THE DATA —
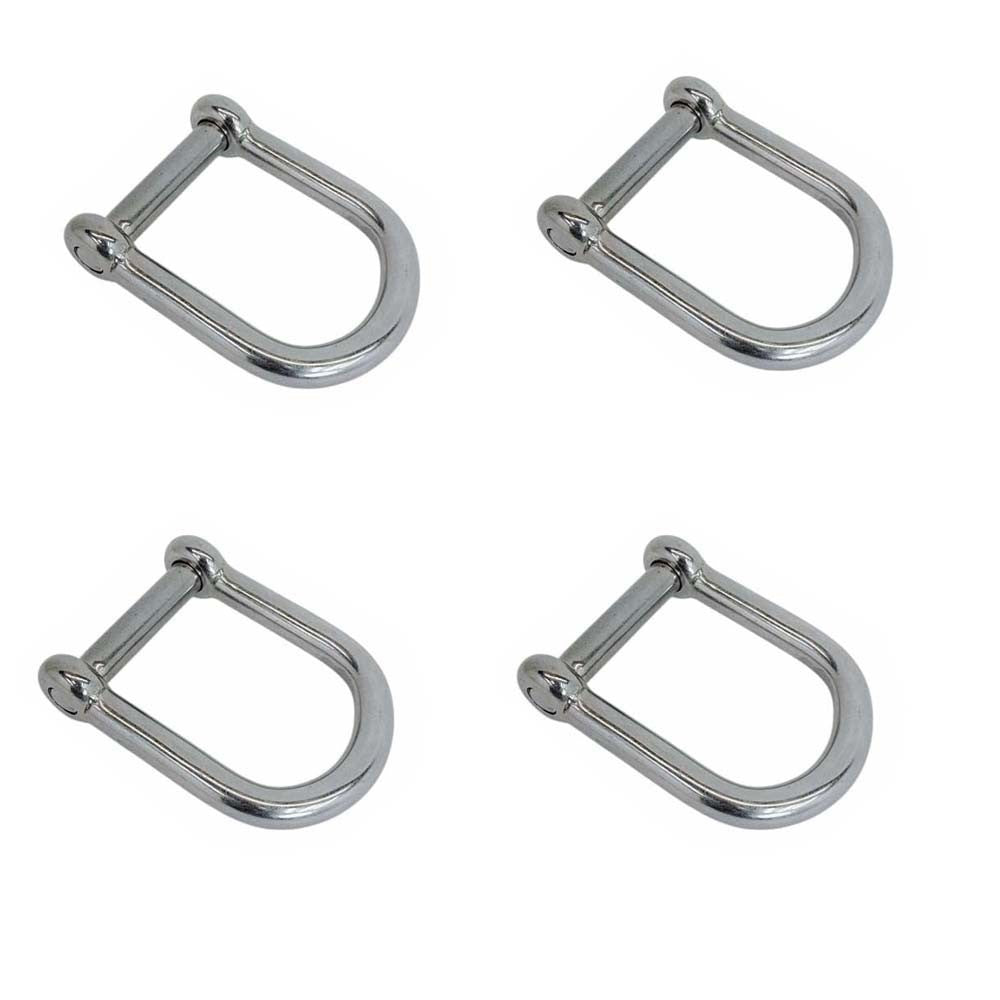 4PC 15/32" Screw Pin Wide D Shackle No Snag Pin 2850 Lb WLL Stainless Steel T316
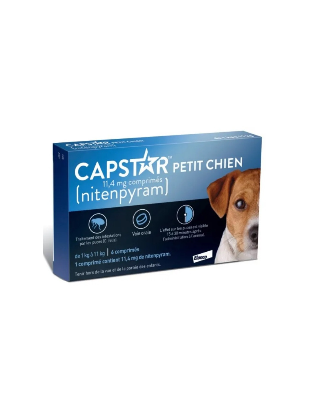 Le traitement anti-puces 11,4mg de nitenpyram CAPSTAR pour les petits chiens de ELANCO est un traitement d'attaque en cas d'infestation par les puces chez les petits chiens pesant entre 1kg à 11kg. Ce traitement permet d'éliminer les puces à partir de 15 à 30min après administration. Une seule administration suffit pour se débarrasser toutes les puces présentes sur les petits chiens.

--

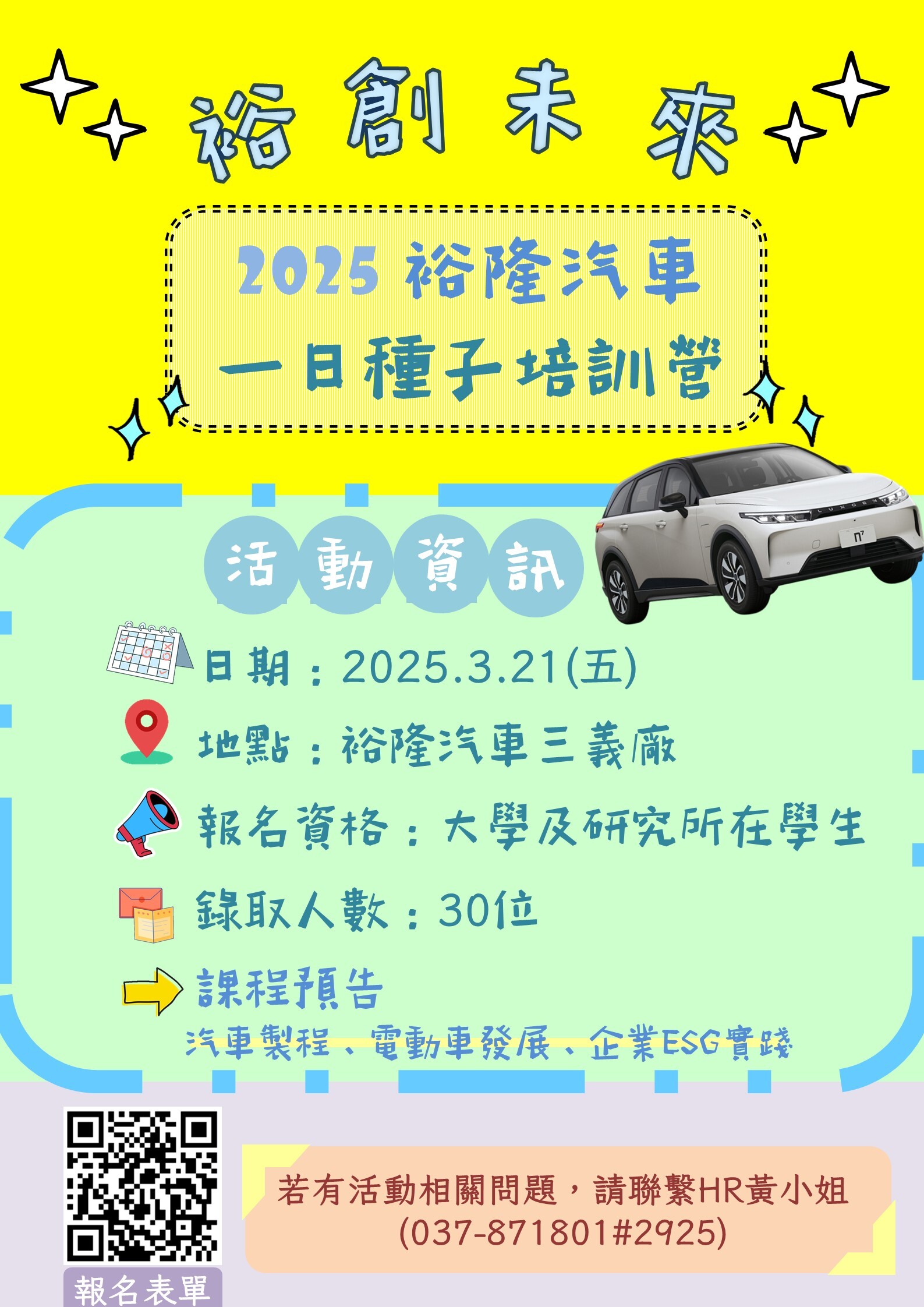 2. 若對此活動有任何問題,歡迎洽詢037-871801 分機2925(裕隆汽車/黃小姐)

TASK ITEM — In the entries above, find the line containing "Stainless Steel T316" and the line containing "Le traitement anti-puces"; give again exactly those two lines and every line between them, minus the pictures.

WRITTEN ANSWER —
 4PC 15/32" Screw Pin Wide D Shackle No Snag Pin 2850 Lb WLL Stainless Steel T316
 Le traitement anti-puces 11,4mg de nitenpyram CAPSTAR pour les petits chiens de ELANCO est un traitement d'attaque en cas d'infestation par les puces chez les petits chiens pesant entre 1kg à 11kg. Ce traitement permet d'éliminer les puces à partir de 15 à 30min après administration. Une seule administration suffit pour se débarrasser toutes les puces présentes sur les petits chiens.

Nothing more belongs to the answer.